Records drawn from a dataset

=======

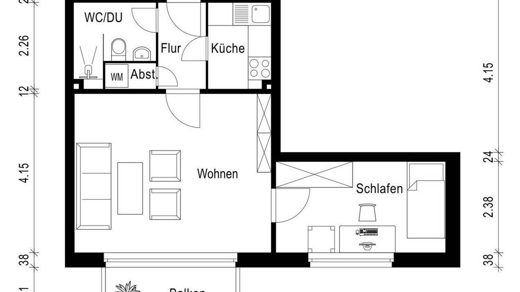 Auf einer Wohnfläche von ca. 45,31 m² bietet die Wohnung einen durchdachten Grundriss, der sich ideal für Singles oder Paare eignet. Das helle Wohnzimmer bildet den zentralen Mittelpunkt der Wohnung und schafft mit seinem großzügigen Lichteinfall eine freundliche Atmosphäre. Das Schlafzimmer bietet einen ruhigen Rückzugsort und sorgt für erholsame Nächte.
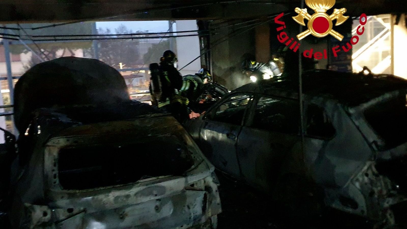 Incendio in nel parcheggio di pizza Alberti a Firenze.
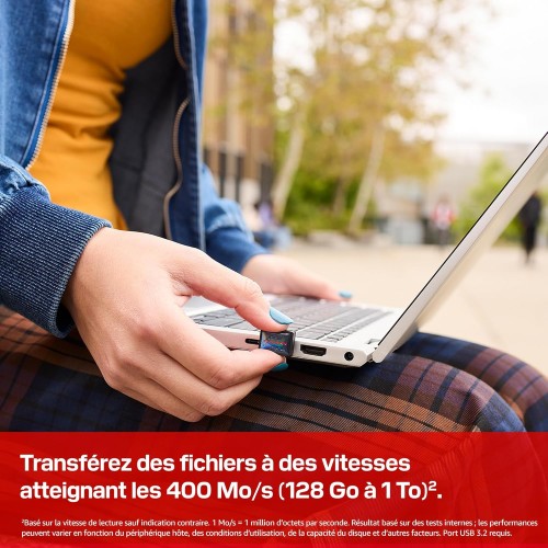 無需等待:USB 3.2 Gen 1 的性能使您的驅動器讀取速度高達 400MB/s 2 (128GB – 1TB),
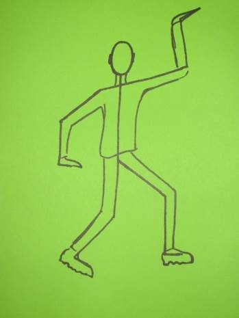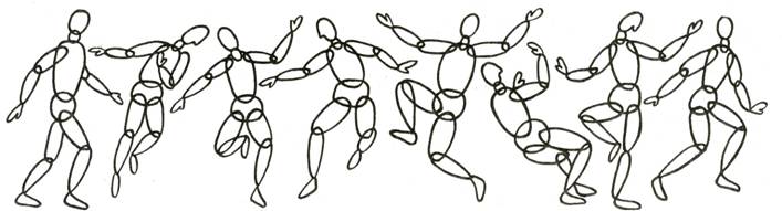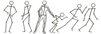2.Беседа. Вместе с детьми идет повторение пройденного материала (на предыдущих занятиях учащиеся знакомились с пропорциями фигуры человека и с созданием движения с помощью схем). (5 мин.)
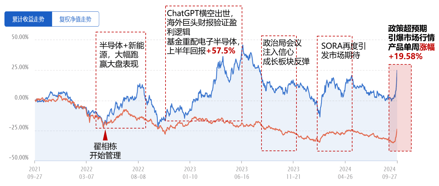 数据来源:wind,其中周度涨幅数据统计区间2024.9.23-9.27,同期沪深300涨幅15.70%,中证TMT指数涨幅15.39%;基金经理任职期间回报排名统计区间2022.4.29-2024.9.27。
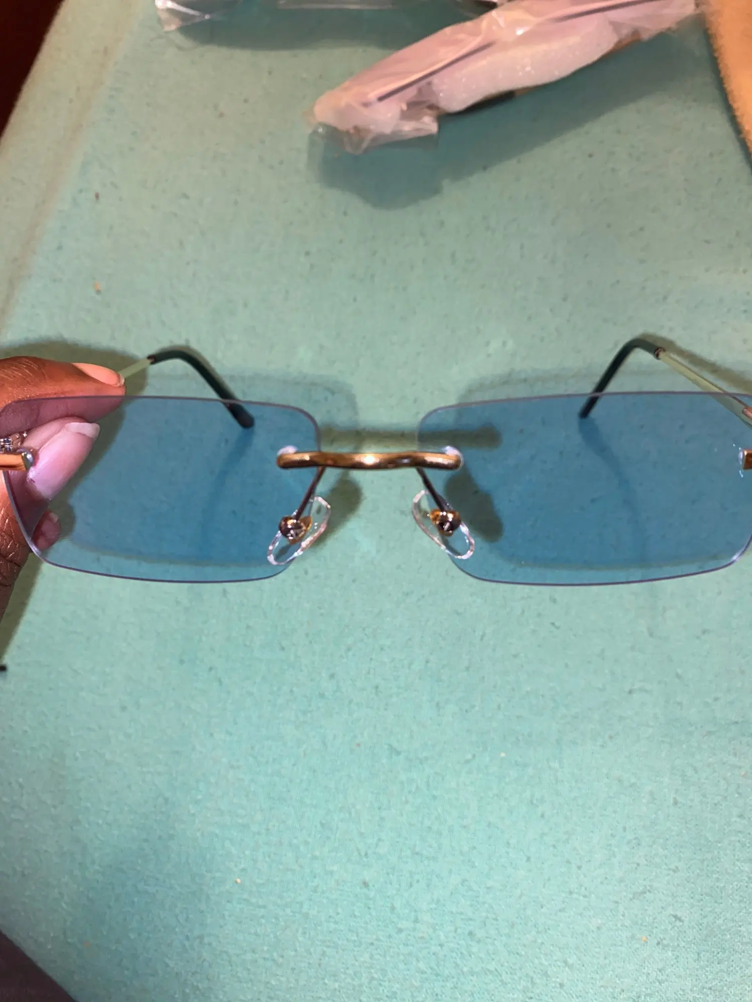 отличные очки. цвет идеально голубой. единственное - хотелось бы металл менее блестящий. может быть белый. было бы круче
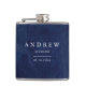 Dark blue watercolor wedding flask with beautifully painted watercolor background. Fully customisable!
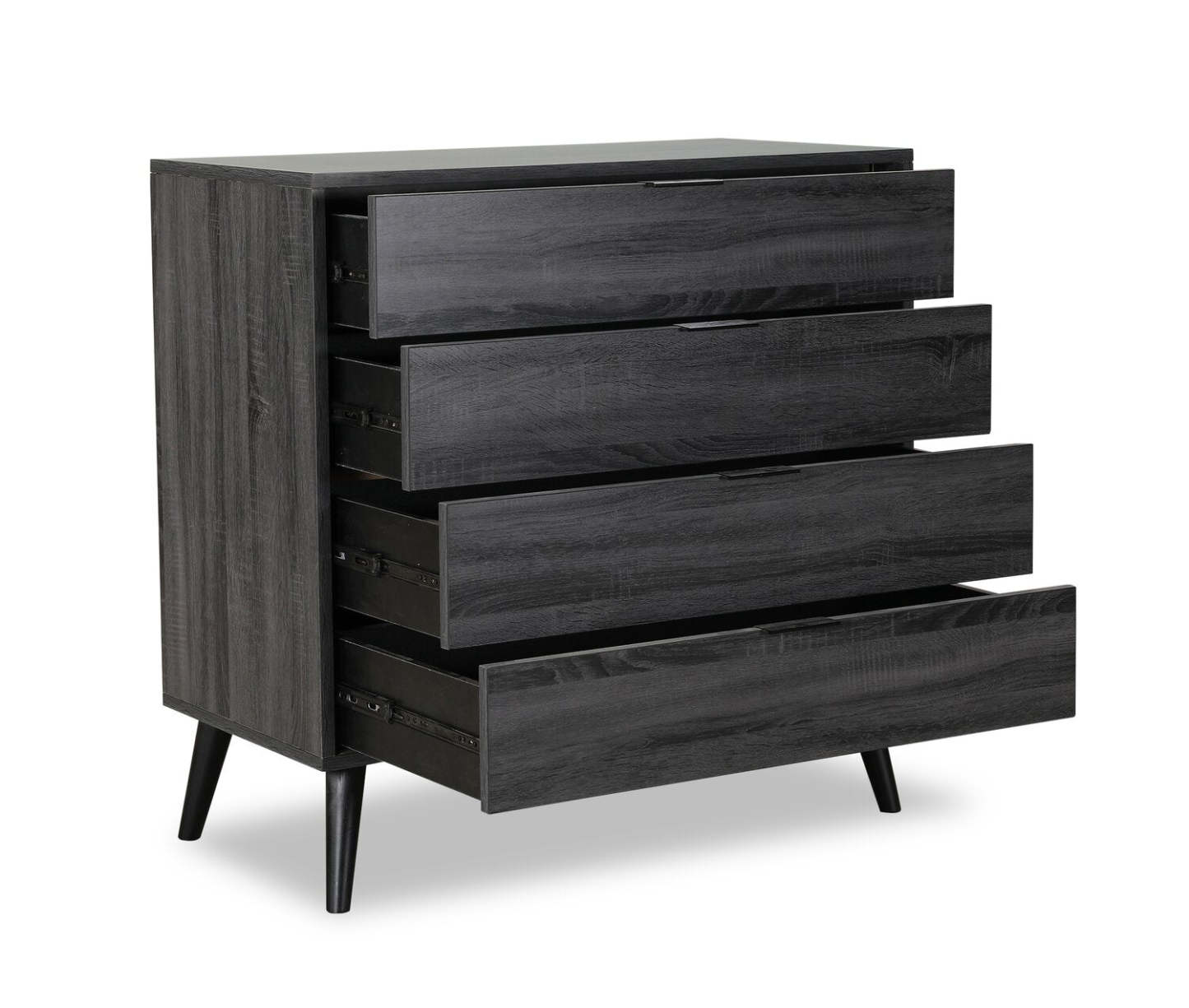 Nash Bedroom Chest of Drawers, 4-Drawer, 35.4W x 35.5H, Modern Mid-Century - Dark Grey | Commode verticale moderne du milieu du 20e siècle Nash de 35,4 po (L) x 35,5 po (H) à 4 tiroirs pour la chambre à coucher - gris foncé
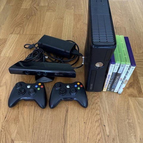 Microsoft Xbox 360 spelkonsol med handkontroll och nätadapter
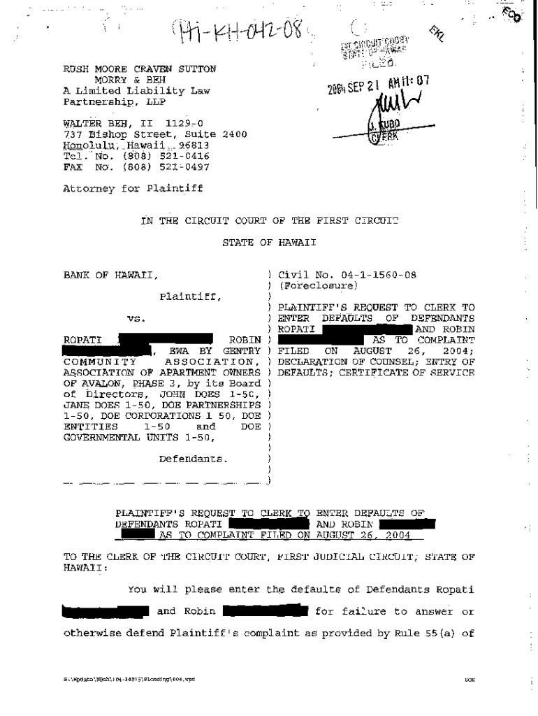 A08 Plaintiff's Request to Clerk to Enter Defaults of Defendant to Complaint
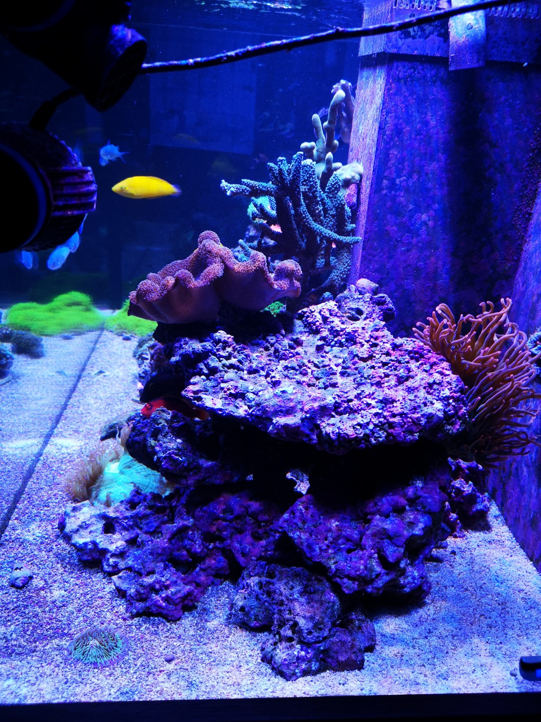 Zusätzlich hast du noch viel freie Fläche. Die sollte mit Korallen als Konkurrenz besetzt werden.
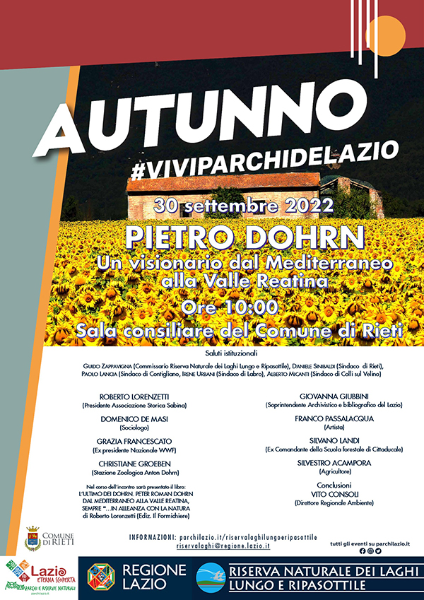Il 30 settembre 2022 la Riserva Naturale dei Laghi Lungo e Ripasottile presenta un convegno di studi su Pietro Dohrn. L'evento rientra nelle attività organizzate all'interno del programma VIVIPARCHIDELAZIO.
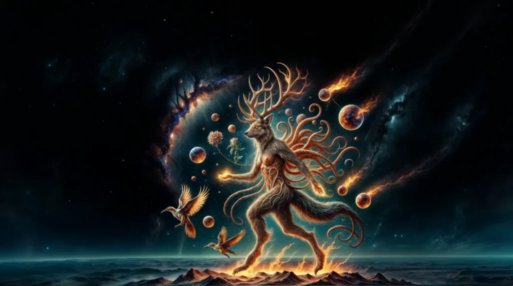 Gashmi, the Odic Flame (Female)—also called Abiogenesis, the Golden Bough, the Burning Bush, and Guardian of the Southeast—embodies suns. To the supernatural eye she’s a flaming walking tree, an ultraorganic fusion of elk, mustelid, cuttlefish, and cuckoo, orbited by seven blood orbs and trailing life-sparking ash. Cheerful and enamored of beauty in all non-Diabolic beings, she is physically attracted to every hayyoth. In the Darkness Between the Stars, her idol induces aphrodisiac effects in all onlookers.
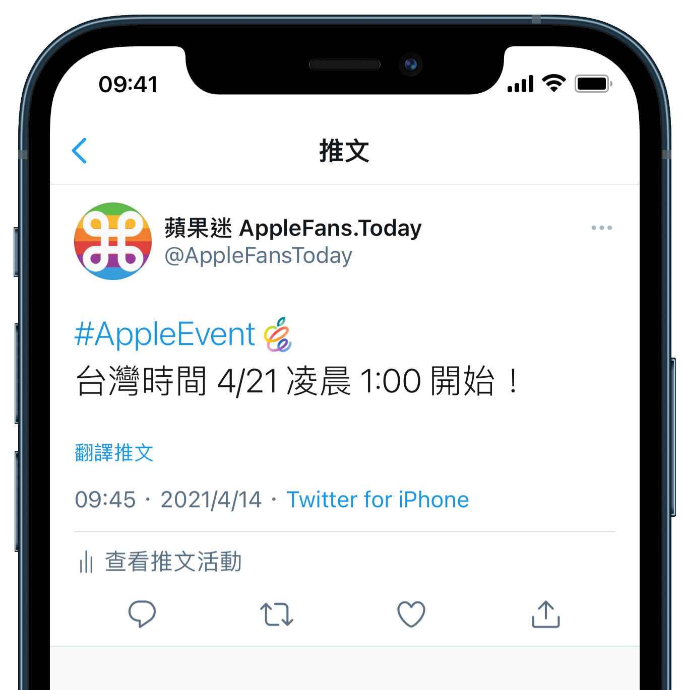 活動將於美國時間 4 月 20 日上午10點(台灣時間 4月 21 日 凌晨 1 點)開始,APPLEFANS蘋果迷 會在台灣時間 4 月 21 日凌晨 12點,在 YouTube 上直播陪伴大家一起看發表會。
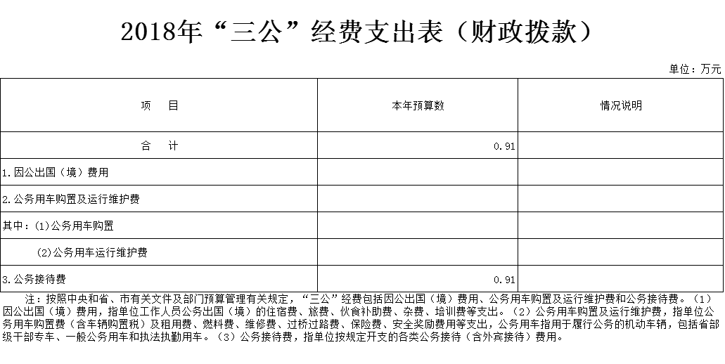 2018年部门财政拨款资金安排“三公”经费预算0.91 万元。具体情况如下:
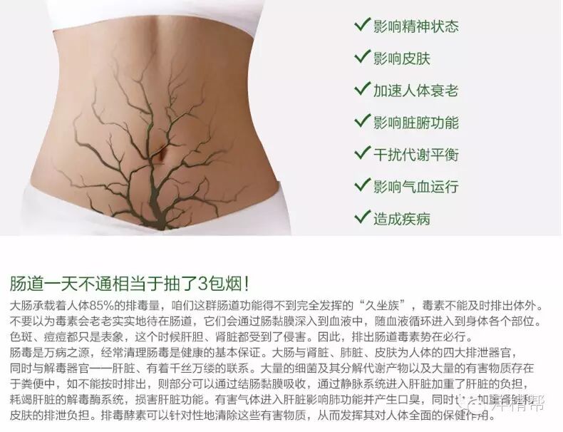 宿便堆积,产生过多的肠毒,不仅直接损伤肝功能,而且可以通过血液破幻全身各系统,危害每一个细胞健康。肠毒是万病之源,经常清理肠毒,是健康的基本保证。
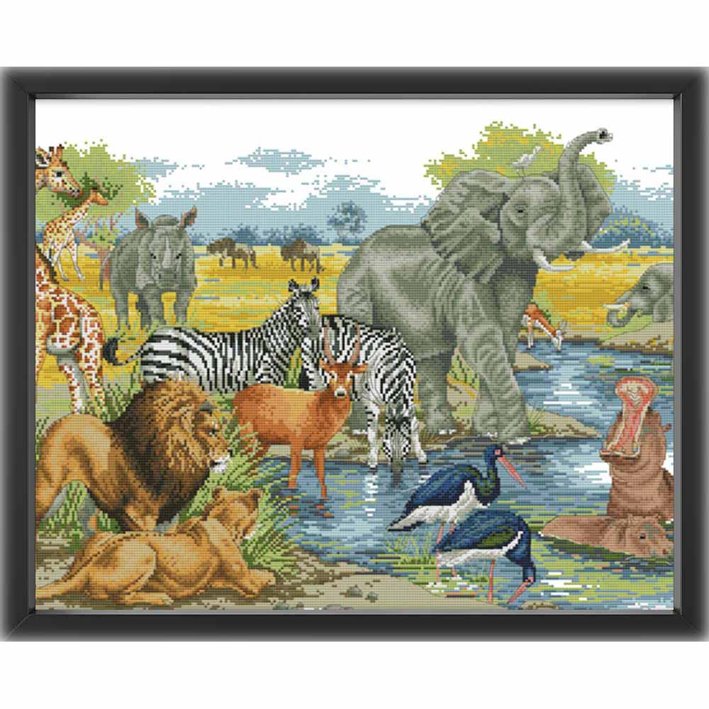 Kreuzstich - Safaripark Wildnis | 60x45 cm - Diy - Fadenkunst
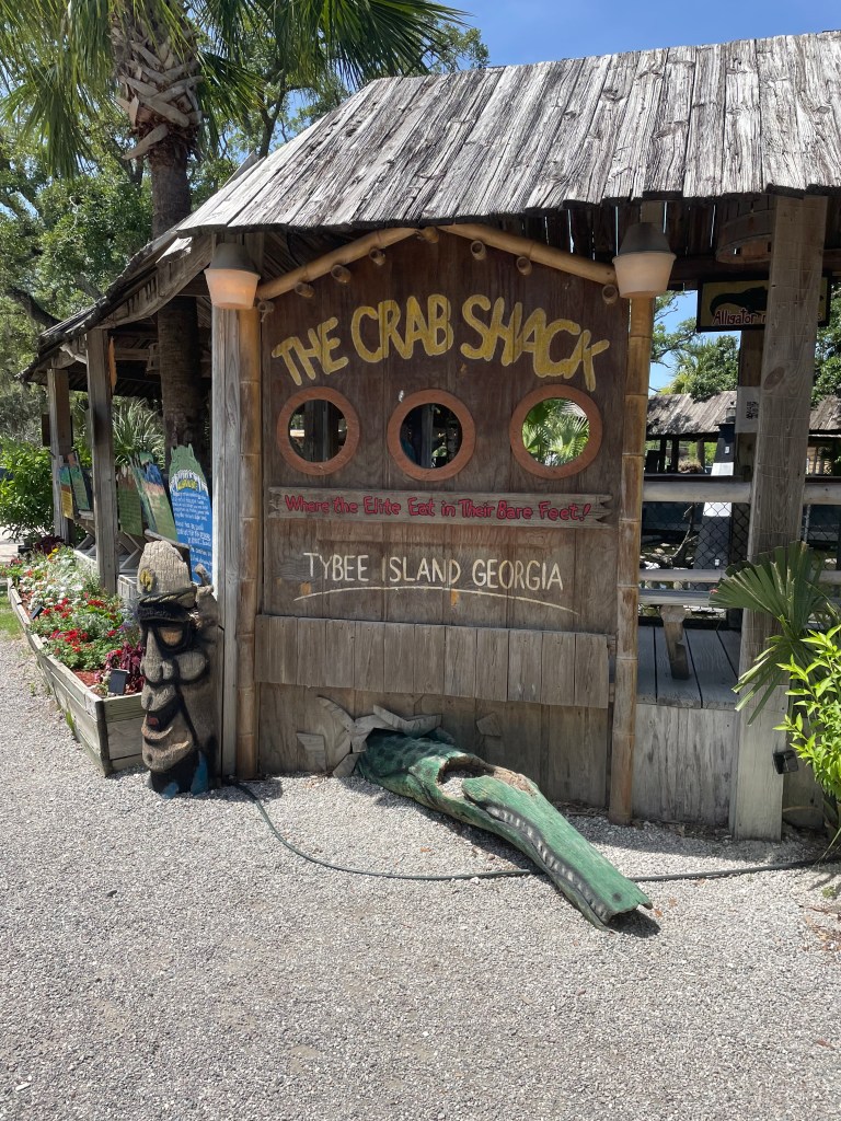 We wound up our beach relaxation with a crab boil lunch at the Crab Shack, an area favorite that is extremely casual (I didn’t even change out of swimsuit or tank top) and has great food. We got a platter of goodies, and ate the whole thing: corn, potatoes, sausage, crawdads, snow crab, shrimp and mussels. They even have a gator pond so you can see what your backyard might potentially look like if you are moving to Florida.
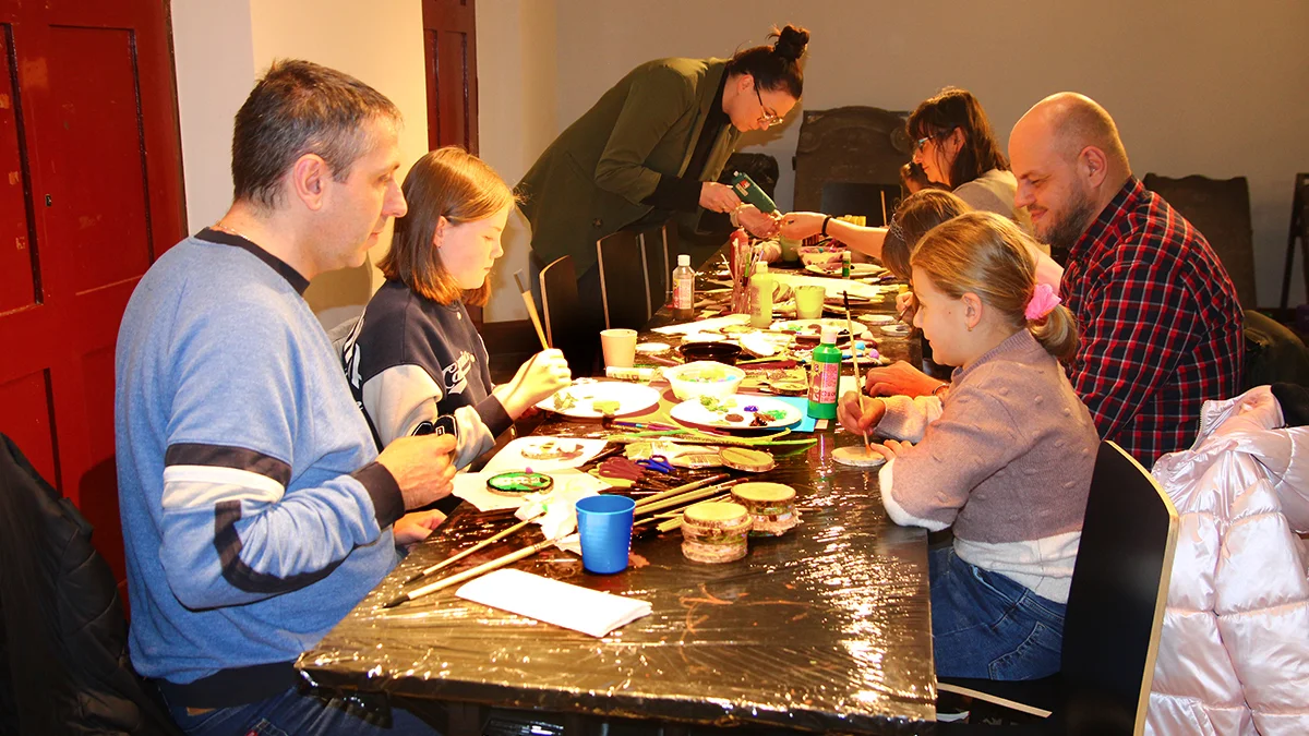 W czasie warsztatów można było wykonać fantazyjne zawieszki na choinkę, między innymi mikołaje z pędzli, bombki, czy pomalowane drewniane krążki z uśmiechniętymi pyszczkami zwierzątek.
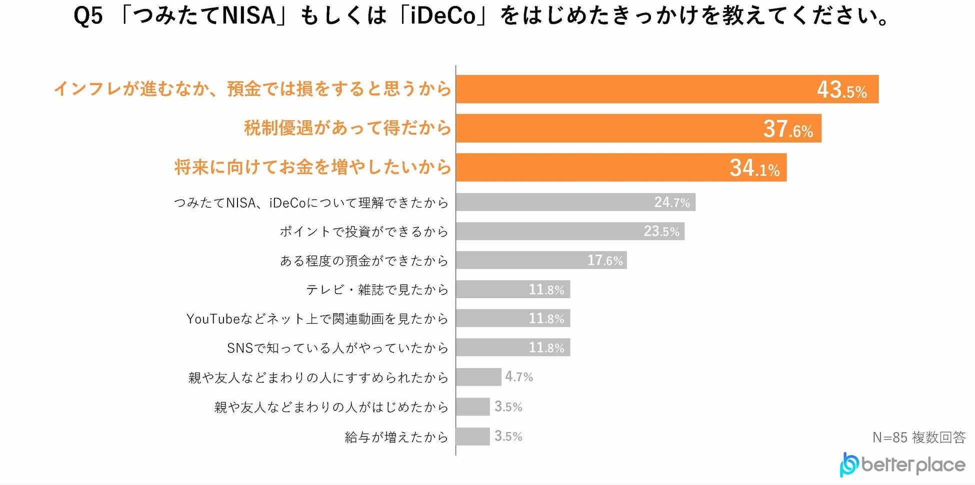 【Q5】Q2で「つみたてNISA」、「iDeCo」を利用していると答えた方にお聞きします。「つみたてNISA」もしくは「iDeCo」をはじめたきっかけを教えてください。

=======

Exclude every picture, then reproduce the remaining data character for character.

→ **RESPONSE FOR THIS EXERCISE**
 Auf einer Wohnfläche von ca. 45,31 m² bietet die Wohnung einen durchdachten Grundriss, der sich ideal für Singles oder Paare eignet. Das helle Wohnzimmer bildet den zentralen Mittelpunkt der Wohnung und schafft mit seinem großzügigen Lichteinfall eine freundliche Atmosphäre. Das Schlafzimmer bietet einen ruhigen Rückzugsort und sorgt für erholsame Nächte.
 Incendio in nel parcheggio di pizza Alberti a Firenze.
 無需等待:USB 3.2 Gen 1 的性能使您的驅動器讀取速度高達 400MB/s 2 (128GB – 1TB),
2.Беседа. Вместе с детьми идет повторение пройденного материала (на предыдущих занятиях учащиеся знакомились с пропорциями фигуры человека и с созданием движения с помощью схем). (5 мин.)
 数据来源:wind,其中周度涨幅数据统计区间2024.9.23-9.27,同期沪深300涨幅15.70%,中证TMT指数涨幅15.39%;基金经理任职期间回报排名统计区间2022.4.29-2024.9.27。
 отличные очки. цвет идеально голубой. единственное - хотелось бы металл менее блестящий. может быть белый. было бы круче
 Dark blue watercolor wedding flask with beautifully painted watercolor background. Fully customisable!
 Nash Bedroom Chest of Drawers, 4-Drawer, 35.4W x 35.5H, Modern Mid-Century - Dark Grey | Commode verticale moderne du milieu du 20e siècle Nash de 35,4 po (L) x 35,5 po (H) à 4 tiroirs pour la chambre à coucher - gris foncé
 Microsoft Xbox 360 spelkonsol med handkontroll och nätadapter
 A08 Plaintiff's Request to Clerk to Enter Defaults of Defendant to Complaint
 Zusätzlich hast du noch viel freie Fläche. Die sollte mit Korallen als Konkurrenz besetzt werden.
Il 30 settembre 2022 la Riserva Naturale dei Laghi Lungo e Ripasottile presenta un convegno di studi su Pietro Dohrn. L'evento rientra nelle attività organizzate all'interno del programma VIVIPARCHIDELAZIO.
 Gashmi, the Odic Flame (Female)—also called Abiogenesis, the Golden Bough, the Burning Bush, and Guardian of the Southeast—embodies suns. To the supernatural eye she’s a flaming walking tree, an ultraorganic fusion of elk, mustelid, cuttlefish, and cuckoo, orbited by seven blood orbs and trailing life-sparking ash. Cheerful and enamored of beauty in all non-Diabolic beings, she is physically attracted to every hayyoth. In the Darkness Between the Stars, her idol induces aphrodisiac effects in all onlookers.
 活動將於美國時間 4 月 20 日上午10點(台灣時間 4月 21 日 凌晨 1 點)開始,APPLEFANS蘋果迷 會在台灣時間 4 月 21 日凌晨 12點,在 YouTube 上直播陪伴大家一起看發表會。
 2018年部门财政拨款资金安排“三公”经费预算0.91 万元。具体情况如下:
 宿便堆积,产生过多的肠毒,不仅直接损伤肝功能,而且可以通过血液破幻全身各系统,危害每一个细胞健康。肠毒是万病之源,经常清理肠毒,是健康的基本保证。
 Kreuzstich - Safaripark Wildnis | 60x45 cm - Diy - Fadenkunst
 We wound up our beach relaxation with a crab boil lunch at the Crab Shack, an area favorite that is extremely casual (I didn’t even change out of swimsuit or tank top) and has great food. We got a platter of goodies, and ate the whole thing: corn, potatoes, sausage, crawdads, snow crab, shrimp and mussels. They even have a gator pond so you can see what your backyard might potentially look like if you are moving to Florida.
 W czasie warsztatów można było wykonać fantazyjne zawieszki na choinkę, między innymi mikołaje z pędzli, bombki, czy pomalowane drewniane krążki z uśmiechniętymi pyszczkami zwierzątek.
 【Q5】Q2で「つみたてNISA」、「iDeCo」を利用していると答えた方にお聞きします。「つみたてNISA」もしくは「iDeCo」をはじめたきっかけを教えてください。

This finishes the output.